Caquer fece una pausa e aggrottò la fronte pensieroso.

— Era chiaro che si trattava di uno psicopatico, però, e non osiamo neppure immaginare quali fossero i suoi piani, — continuò. — Tu sai come funzionavano gli occhiali che hanno neutralizzato la ruota, vero Ghiacciolo?

— Credo di sì. Quella è stata un’idea davvero brillante, Rod. È come quando riprendi su film una ruota che gira, vero? Se la cinepresa si sincronizza con la velocità di rotazione della ruota, così che ogni successiva immagine la mostra dopo una rivoluzione completa, allora sembra che nel film la ruota sia immobile.

Caquer annuì.

— Proprio così, — disse. — È stato davvero un colpo di fortuna avere avuto la possibilità di mettere le mani su quegli occhiali.
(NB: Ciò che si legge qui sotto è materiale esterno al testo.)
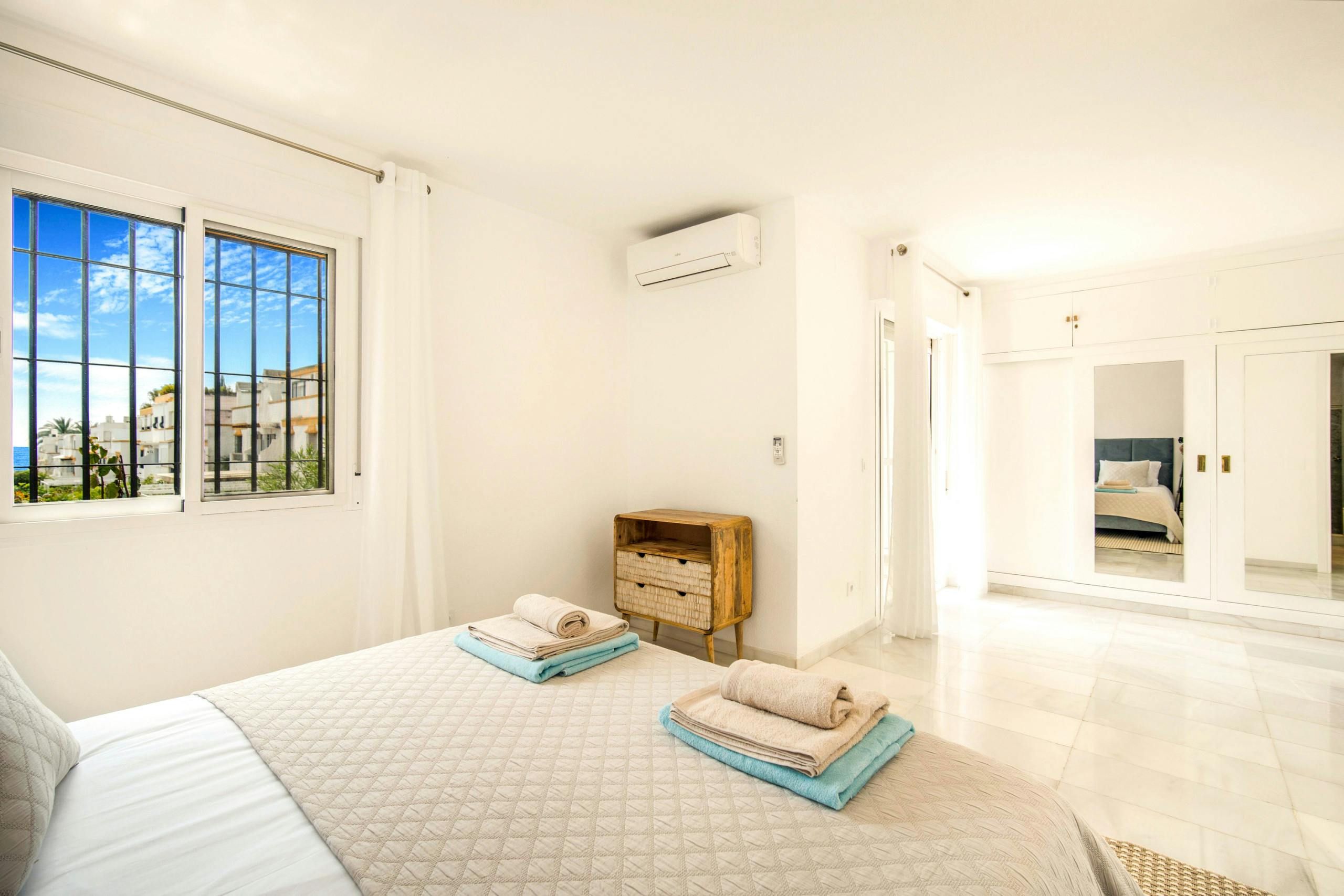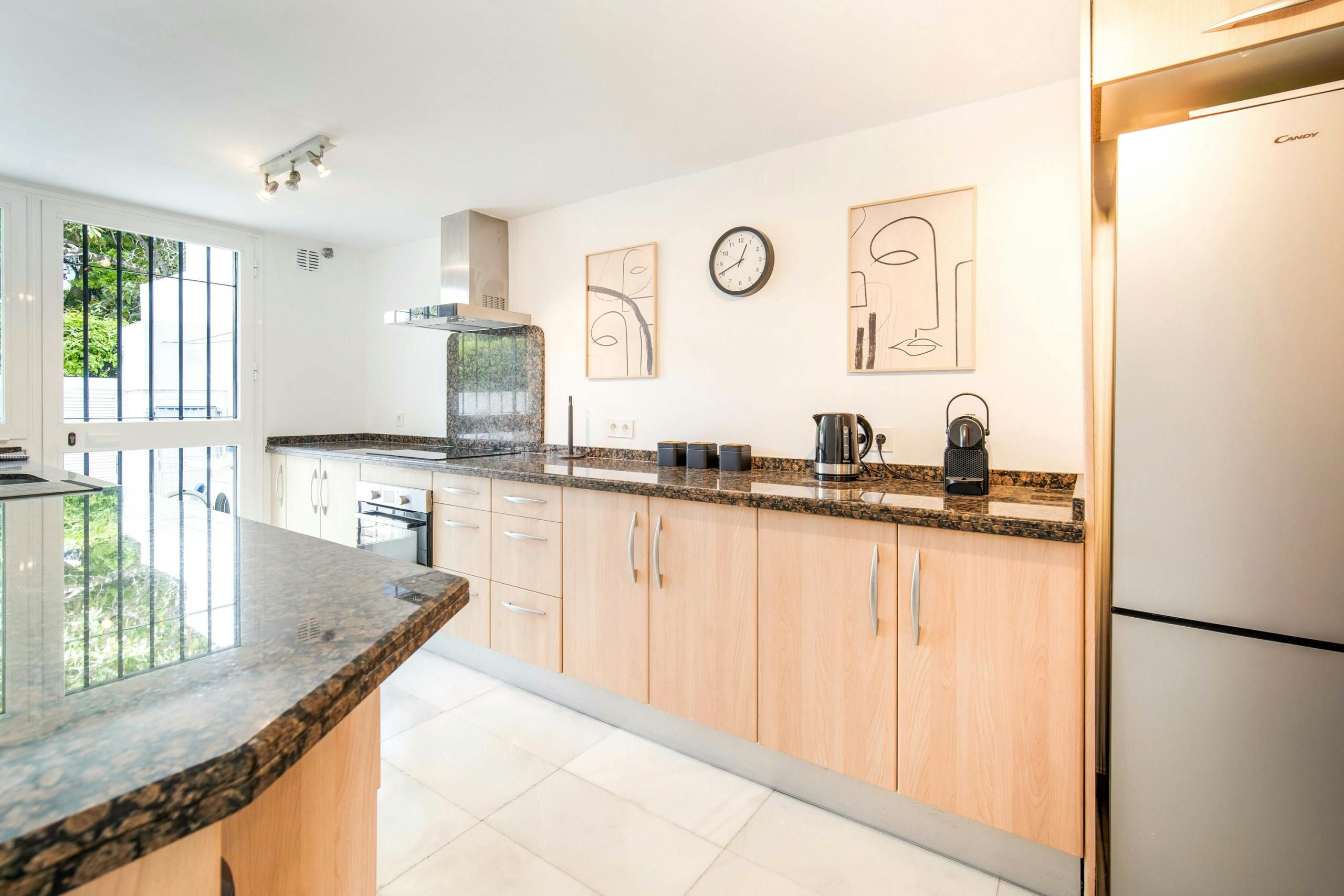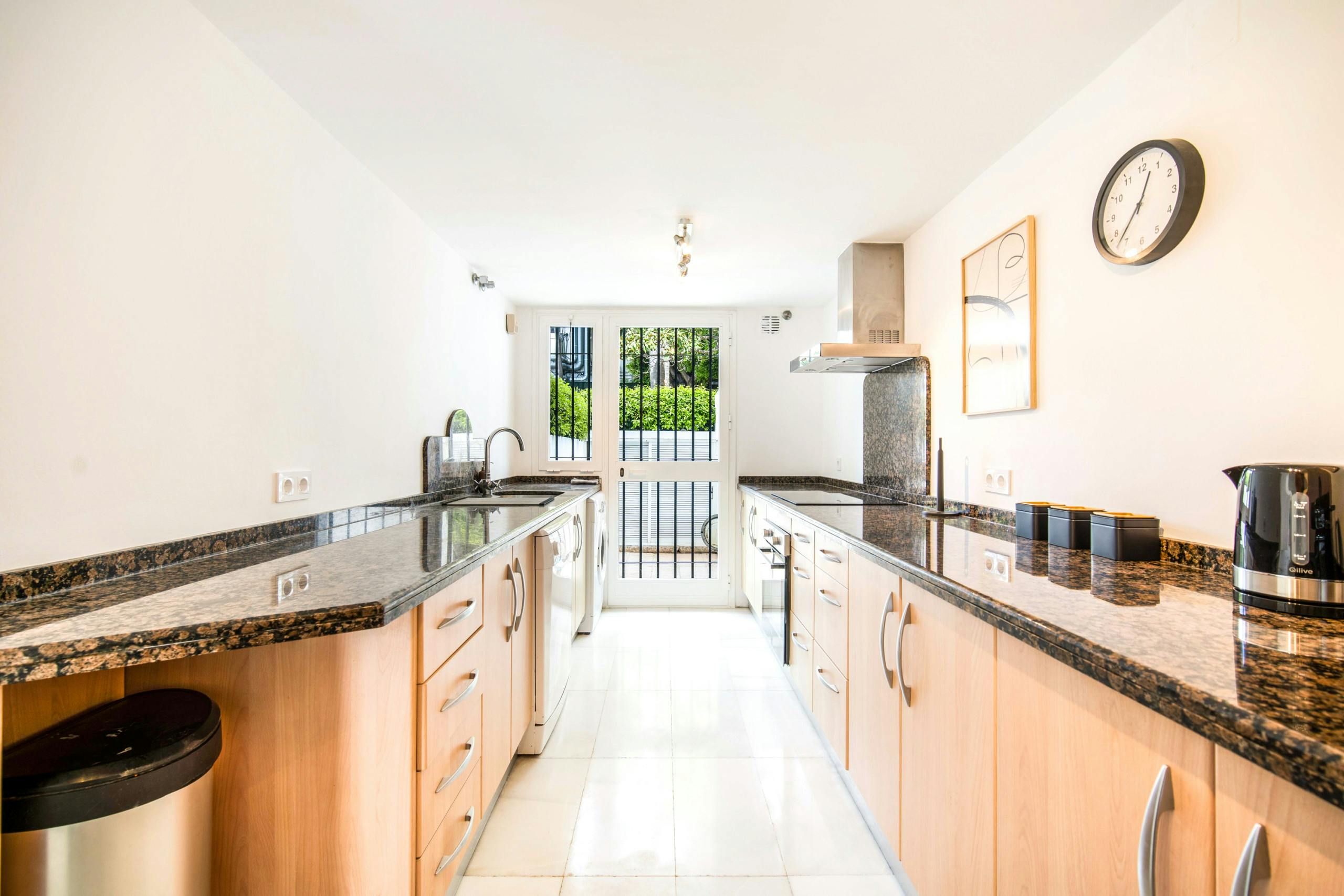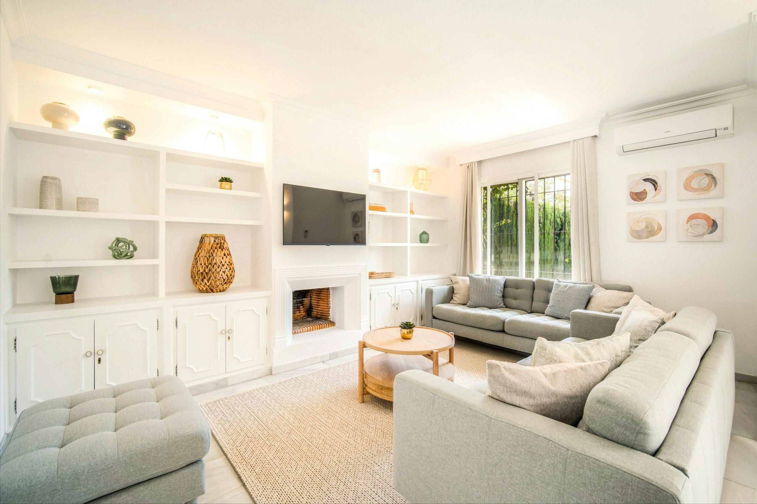 Just 100 metres from the sandy Casablanca Beach, you’ll find this three-storey townhouse. You can also take a stroll along the Paseo Maritimo to the old town of Marbella or indulge in Michelin-starred dining at the Puente Romano Resort. For those seeking active leisure pursuits, you can take part in kite surfing, horse riding and golf. So that’s the prime location, now the home itself. The outdoor space is great – there are two large terraces with a covered seating area, bar, sunbeds and barbeque and we love the sea glimpses from the roof terrace. There’s also a communal pool surrounded by lawns and palm trees and a tennis and paddle court. Inside, it’s light and airy and there’s plenty of room for entertaining.

Solo per un secondo ho potuto vedere sul balcone un uomo con in testa un casco… ma è quanto mi bastava sapere.

— Ma Rod, quando sei corso sul balcone non avevi più gli occhiali. Perché Deem non ti ha fermato con l’ipnosi?

— Be’, non c’è riuscito. Penso che non abbia avuto il tempo di mettermi sotto controllo. Così mi ha proiettato solo un’immagine. Non è stato né Barr Maxon né Willem Deem quello che mi sono trovato davanti all’ultimo momento. Sei stata tu, Jane.

— Io?

— Sì, tu. Penso che sapesse che sono innamorato di te e quella è stata la prima cosa che gli è balenata nella mente, che non avrei mai osato adoperare la spada se pensavo di avere te di fronte. Ma io sapevo che, nonostante ciò che mi dicevano gli occhi, quella non eri tu e ho colpito.

Caquer rabbrividì leggermente ricordando lo sforzo di volontà che aveva dovuto fare per abbassare la daga.

— La cosa peggiore è stata che ti ho visto lì davanti a me come ho sempre desiderato vederti… con le braccia protese verso di me e negli occhi un’espressione innamorata.

— Così, Rod?

E questa volta il tenente Rod Caquer non fu troppo ottuso per non capire al volo.